STORED DATA:
#####

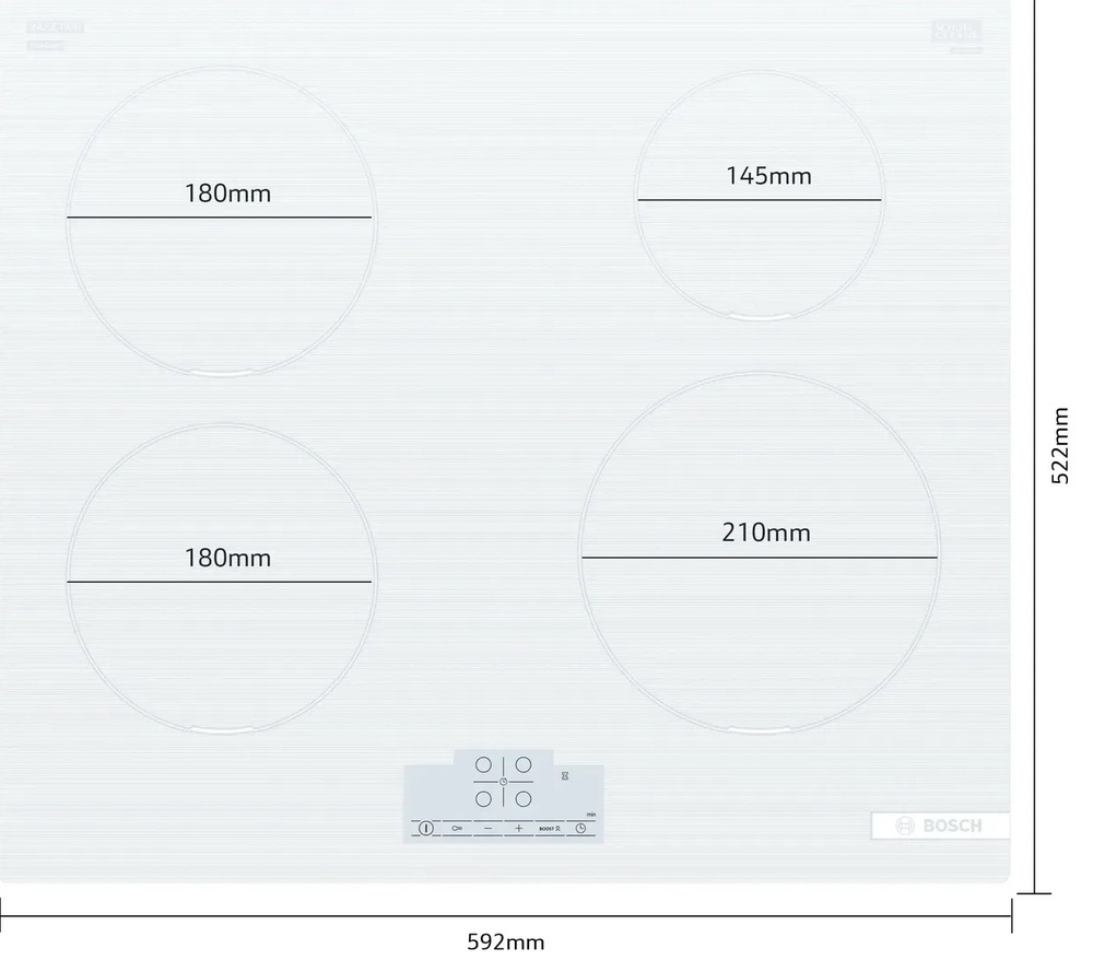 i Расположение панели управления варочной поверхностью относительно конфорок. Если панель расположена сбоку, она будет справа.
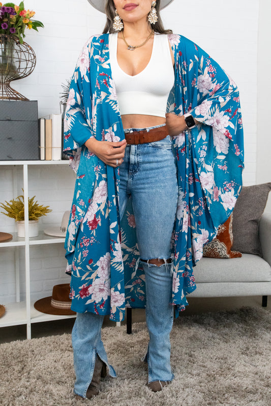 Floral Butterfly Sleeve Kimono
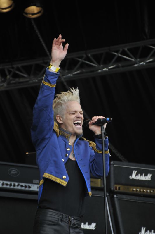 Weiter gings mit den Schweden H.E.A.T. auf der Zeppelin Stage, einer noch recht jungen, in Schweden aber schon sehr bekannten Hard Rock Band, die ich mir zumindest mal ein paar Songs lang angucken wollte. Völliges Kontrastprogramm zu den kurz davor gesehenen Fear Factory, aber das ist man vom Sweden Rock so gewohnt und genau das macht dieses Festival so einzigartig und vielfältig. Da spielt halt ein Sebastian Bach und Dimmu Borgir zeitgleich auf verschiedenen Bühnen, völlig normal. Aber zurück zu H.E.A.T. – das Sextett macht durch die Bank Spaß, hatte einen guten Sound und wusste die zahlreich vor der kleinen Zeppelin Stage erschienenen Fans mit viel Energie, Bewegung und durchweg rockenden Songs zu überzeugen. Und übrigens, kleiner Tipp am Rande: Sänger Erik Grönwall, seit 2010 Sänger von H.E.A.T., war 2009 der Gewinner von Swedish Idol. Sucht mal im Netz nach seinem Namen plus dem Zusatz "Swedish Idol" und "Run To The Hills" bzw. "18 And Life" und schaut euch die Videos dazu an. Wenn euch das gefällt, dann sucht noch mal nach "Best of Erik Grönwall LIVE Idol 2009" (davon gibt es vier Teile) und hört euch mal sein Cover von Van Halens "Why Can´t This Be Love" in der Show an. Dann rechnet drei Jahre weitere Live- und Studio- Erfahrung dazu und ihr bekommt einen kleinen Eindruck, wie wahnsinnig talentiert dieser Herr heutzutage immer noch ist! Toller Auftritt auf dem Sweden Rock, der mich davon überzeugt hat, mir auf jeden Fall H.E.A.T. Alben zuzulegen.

#####

TASK INSTRUCTIONS:
Restate the material above word for word, omitting the pictures.

ANSWER TO THE EXERCISE:
 i Расположение панели управления варочной поверхностью относительно конфорок. Если панель расположена сбоку, она будет справа.
 Floral Butterfly Sleeve Kimono
 Weiter gings mit den Schweden H.E.A.T. auf der Zeppelin Stage, einer noch recht jungen, in Schweden aber schon sehr bekannten Hard Rock Band, die ich mir zumindest mal ein paar Songs lang angucken wollte. Völliges Kontrastprogramm zu den kurz davor gesehenen Fear Factory, aber das ist man vom Sweden Rock so gewohnt und genau das macht dieses Festival so einzigartig und vielfältig. Da spielt halt ein Sebastian Bach und Dimmu Borgir zeitgleich auf verschiedenen Bühnen, völlig normal. Aber zurück zu H.E.A.T. – das Sextett macht durch die Bank Spaß, hatte einen guten Sound und wusste die zahlreich vor der kleinen Zeppelin Stage erschienenen Fans mit viel Energie, Bewegung und durchweg rockenden Songs zu überzeugen. Und übrigens, kleiner Tipp am Rande: Sänger Erik Grönwall, seit 2010 Sänger von H.E.A.T., war 2009 der Gewinner von Swedish Idol. Sucht mal im Netz nach seinem Namen plus dem Zusatz "Swedish Idol" und "Run To The Hills" bzw. "18 And Life" und schaut euch die Videos dazu an. Wenn euch das gefällt, dann sucht noch mal nach "Best of Erik Grönwall LIVE Idol 2009" (davon gibt es vier Teile) und hört euch mal sein Cover von Van Halens "Why Can´t This Be Love" in der Show an. Dann rechnet drei Jahre weitere Live- und Studio- Erfahrung dazu und ihr bekommt einen kleinen Eindruck, wie wahnsinnig talentiert dieser Herr heutzutage immer noch ist! Toller Auftritt auf dem Sweden Rock, der mich davon überzeugt hat, mir auf jeden Fall H.E.A.T. Alben zuzulegen.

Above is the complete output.